*WHAT YOU HAVE TO DO:*
For each record that follows, give it back exactly, with no pictures included.

Stored records
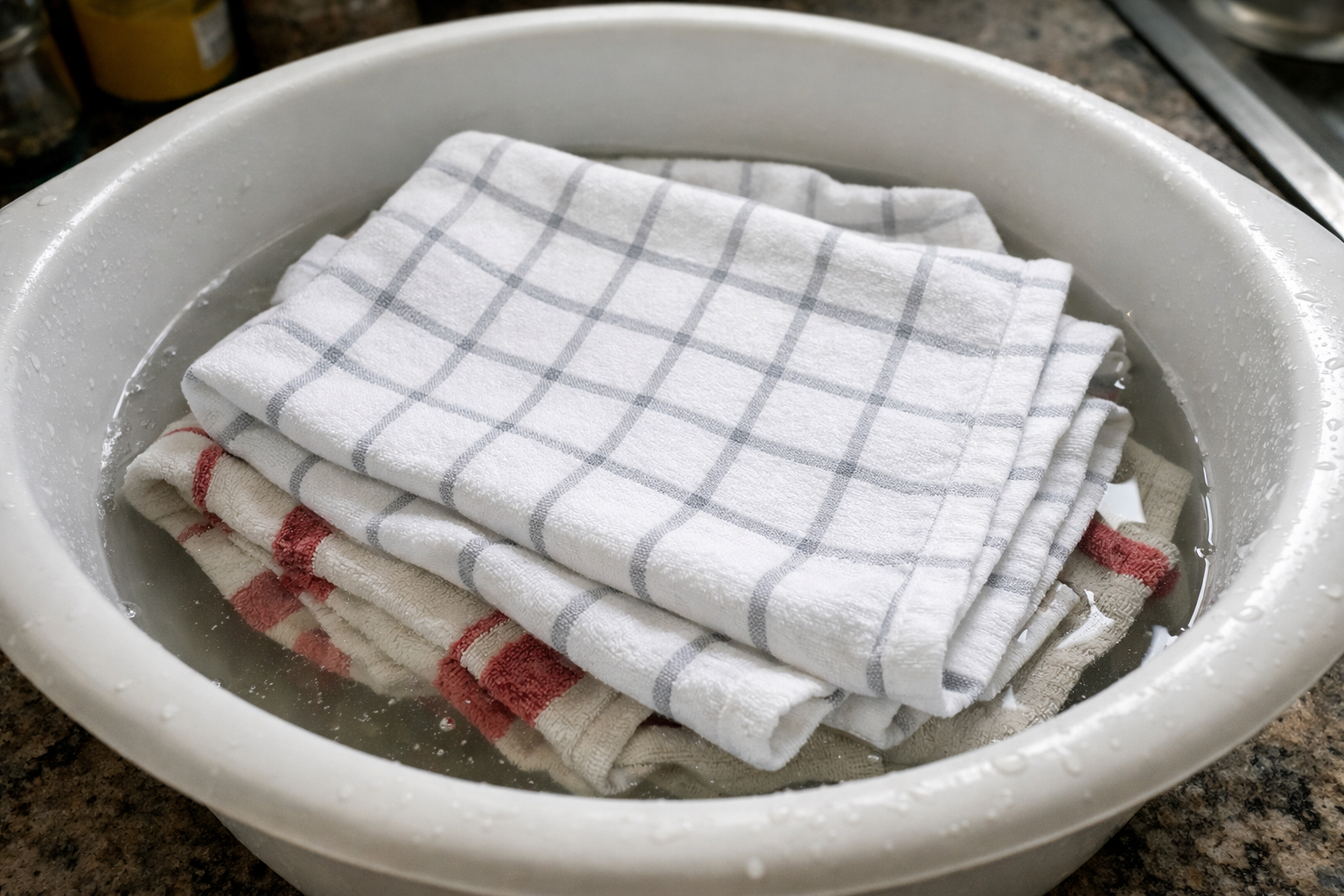 Leota määrdunud tekstiile üleöö kuumas lahuses
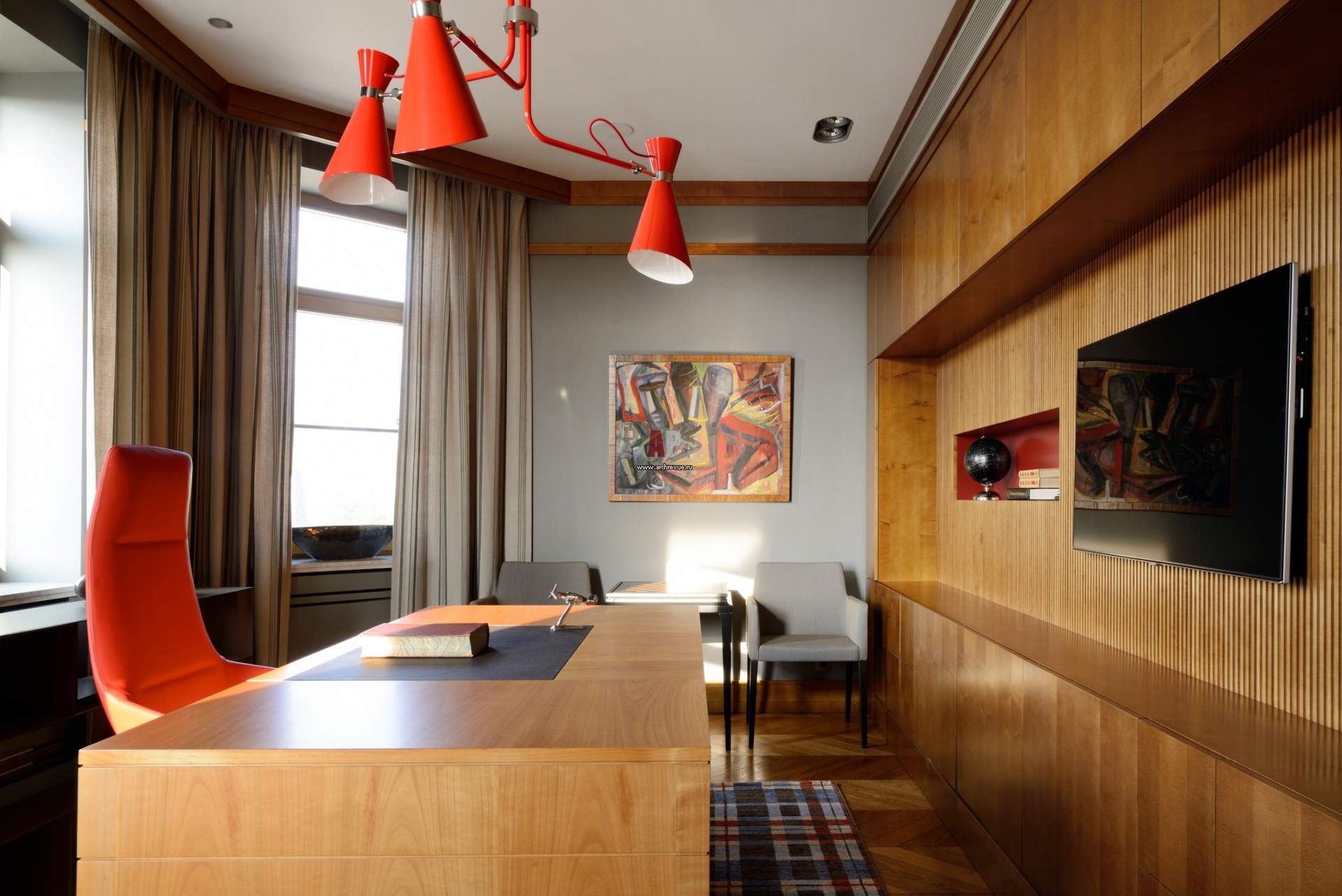 Интерьер кабинета. Встроенный шкаф с потайными дверцами в отделке шпоном клена насыщенного медового цвета выполнен на заказ. Рабочий стол, Morelato. Кресло, Arper. Красная люстра, Delightfull.
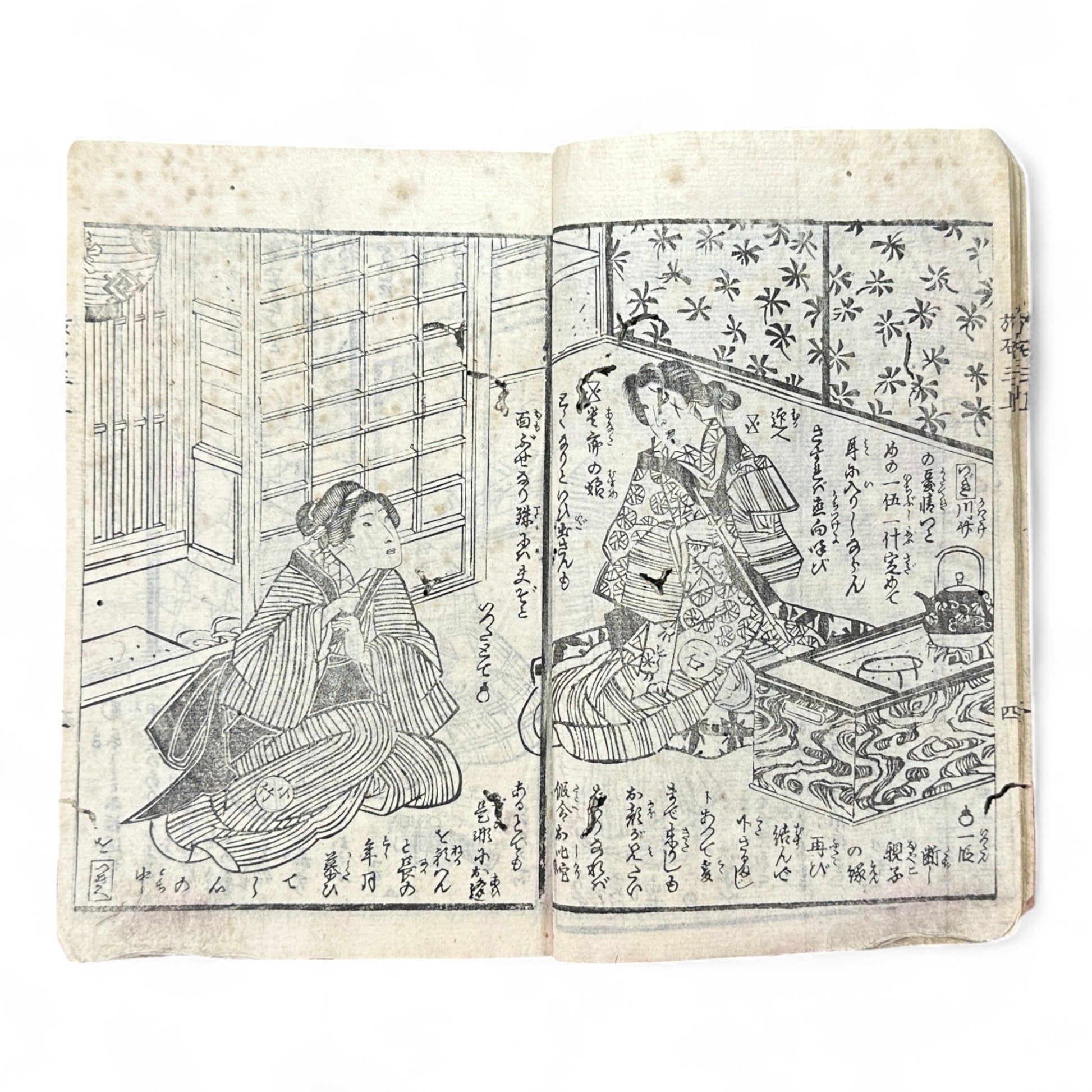 The narrative intertwines scenes of urban life, women’s virtue, and moral testing, rendered in elegant brush linework typical of transitional Edo–Meiji book art.
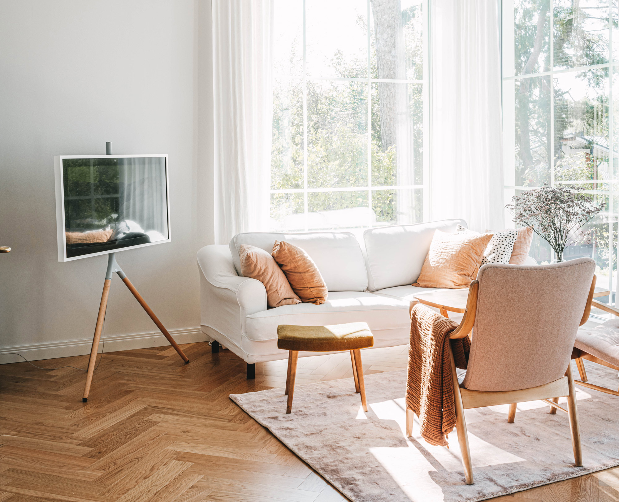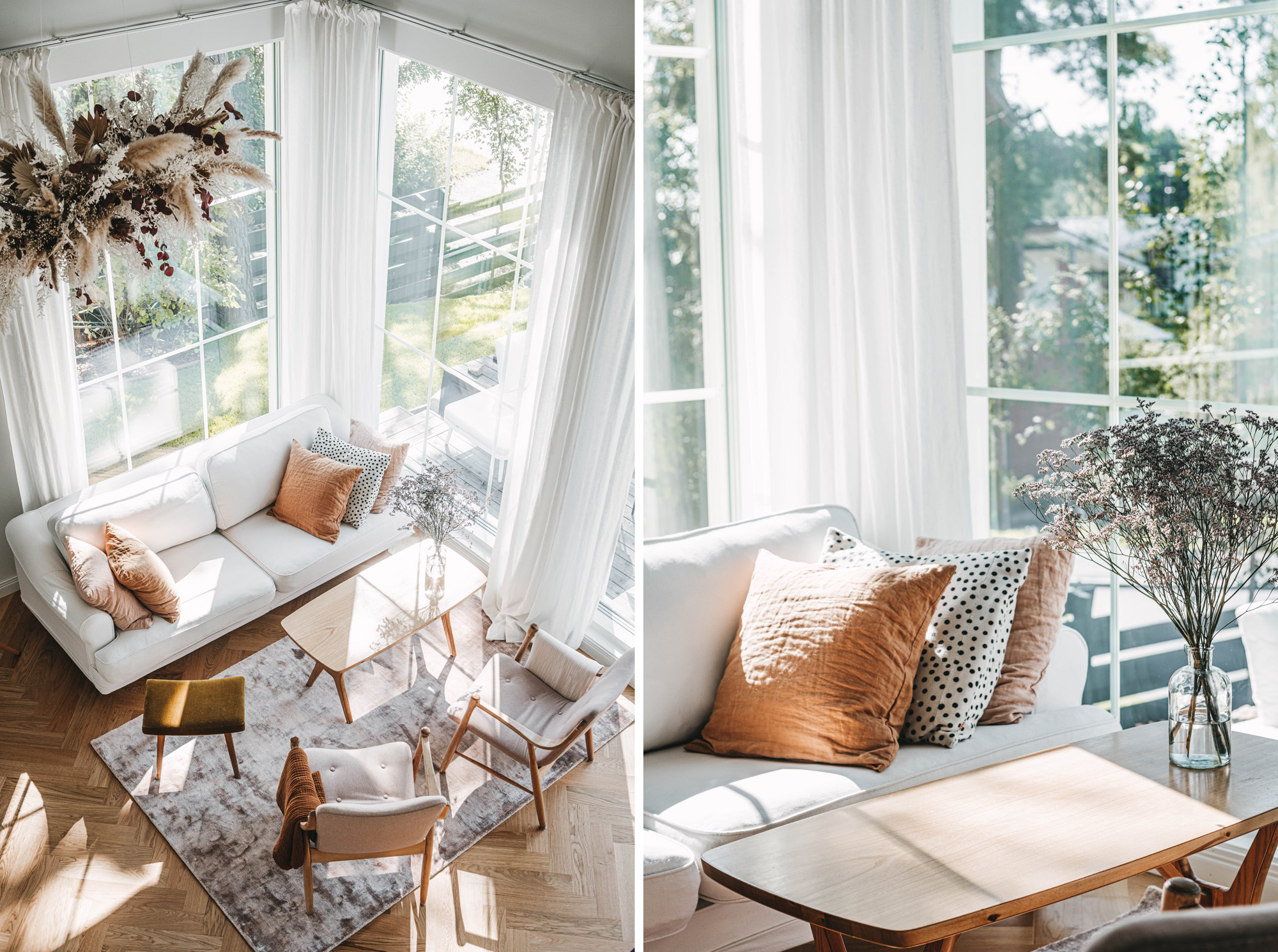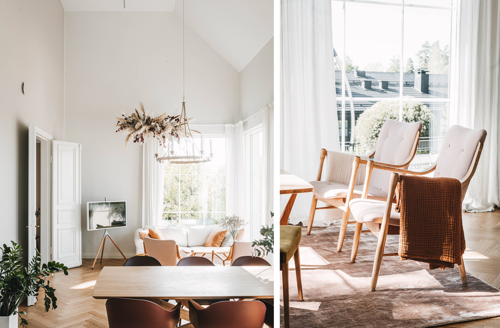 Terassille päin sijaitsevasta olohuoneesta aukeaa isot ikkunat kahteen suuntaan. Tilan tuntua avoimeen olohuoneeseen ja keittiöön tuo myös huonekorkeus. Uudelleen verhoiltu Furninovan sohva oli jo perheen edellisessä kodissa. Salla on saanut mumminsa omistamat Ilmari Lappalaisen suunnittelemat nojatuolit.
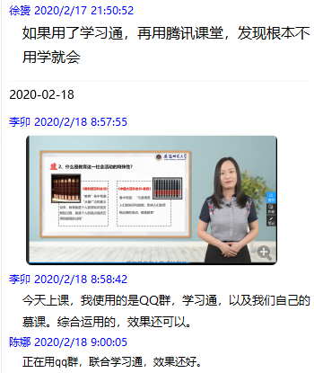 教学监控网络化全覆盖,全面收集教学中出现的问题及时进行反馈。一是教学办组建了由各班班长参加的微信群,同学们可以在群里反映各课程的线上授课准备情况、授课过程中出现的问题等,由教学办汇总进行研判,分头交给教务处和超星技术人员处理。二是通过各专业负责人了解各专业教师的授课情况、教学建议等,及时处理并反馈,确保线上教学工作顺利进行。另外,学院将于近期针对个别技术困难教师开展线上授课的技术辅导工作。三是严格教学微信群、QQ群的管理,落实群主管理责任,邀请辅导员入群协助管理,严格核实所有成员身份,严格落实实名制度,严格入群批准验证,杜绝陌生人随意入群现象。

*WRITTEN RESPONSE:*
 Leota määrdunud tekstiile üleöö kuumas lahuses
 Интерьер кабинета. Встроенный шкаф с потайными дверцами в отделке шпоном клена насыщенного медового цвета выполнен на заказ. Рабочий стол, Morelato. Кресло, Arper. Красная люстра, Delightfull.
 The narrative intertwines scenes of urban life, women’s virtue, and moral testing, rendered in elegant brush linework typical of transitional Edo–Meiji book art.
 Terassille päin sijaitsevasta olohuoneesta aukeaa isot ikkunat kahteen suuntaan. Tilan tuntua avoimeen olohuoneeseen ja keittiöön tuo myös huonekorkeus. Uudelleen verhoiltu Furninovan sohva oli jo perheen edellisessä kodissa. Salla on saanut mumminsa omistamat Ilmari Lappalaisen suunnittelemat nojatuolit.
 教学监控网络化全覆盖,全面收集教学中出现的问题及时进行反馈。一是教学办组建了由各班班长参加的微信群,同学们可以在群里反映各课程的线上授课准备情况、授课过程中出现的问题等,由教学办汇总进行研判,分头交给教务处和超星技术人员处理。二是通过各专业负责人了解各专业教师的授课情况、教学建议等,及时处理并反馈,确保线上教学工作顺利进行。另外,学院将于近期针对个别技术困难教师开展线上授课的技术辅导工作。三是严格教学微信群、QQ群的管理,落实群主管理责任,邀请辅导员入群协助管理,严格核实所有成员身份,严格落实实名制度,严格入群批准验证,杜绝陌生人随意入群现象。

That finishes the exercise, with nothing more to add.